• SOURCE MATERIAL:
□ □ □ □
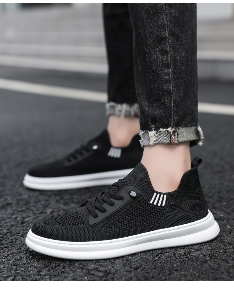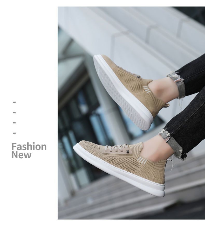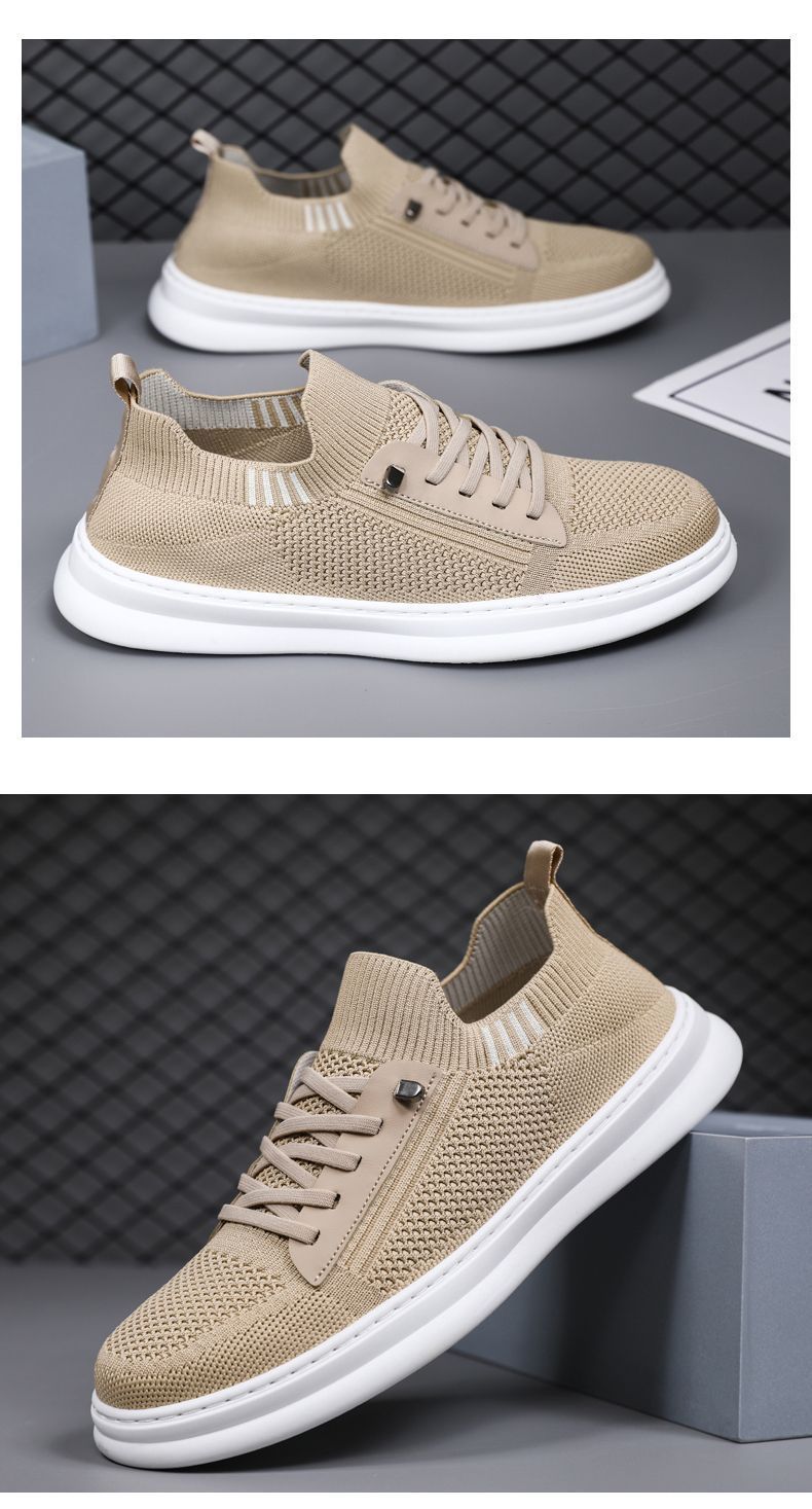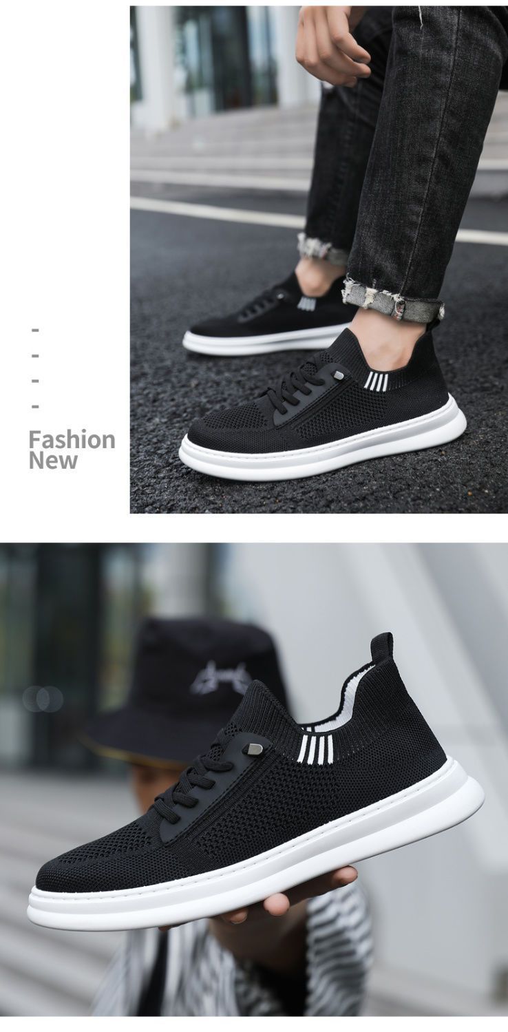 남성용 여름 통기성 캐주얼 슈즈, 슬립온 남성화, 하이엔드 얇은 플라이 니트 슈즈, 메쉬 양말형 슈즈스토어 가기
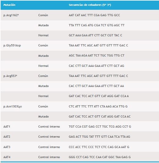 Tabla 1. Secuencias de cebadores usados para la detección de mutaciones mediante la técnica ARMS-PCR.
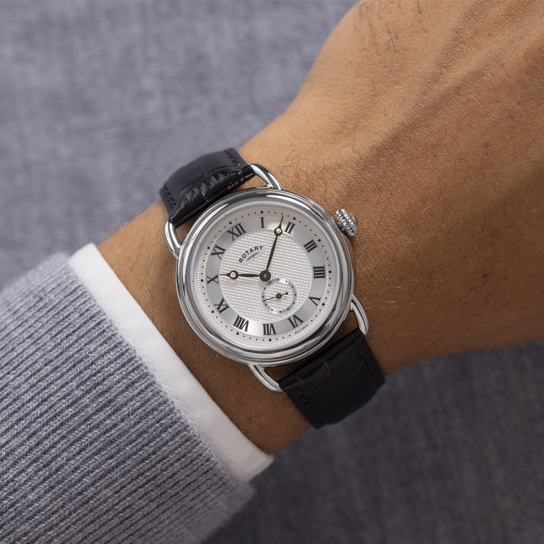 Completing the design is a black genuine leather strap and classic Rotary buckle and sapphire glass for enhanced durability.
□ □ □ □
• WHAT THE EXERCISE ASKS:
Copy every line above word for word and exclude the pictures.

• EXPECTED ANSWER:
 남성용 여름 통기성 캐주얼 슈즈, 슬립온 남성화, 하이엔드 얇은 플라이 니트 슈즈, 메쉬 양말형 슈즈스토어 가기
 Tabla 1. Secuencias de cebadores usados para la detección de mutaciones mediante la técnica ARMS-PCR.
 Completing the design is a black genuine leather strap and classic Rotary buckle and sapphire glass for enhanced durability.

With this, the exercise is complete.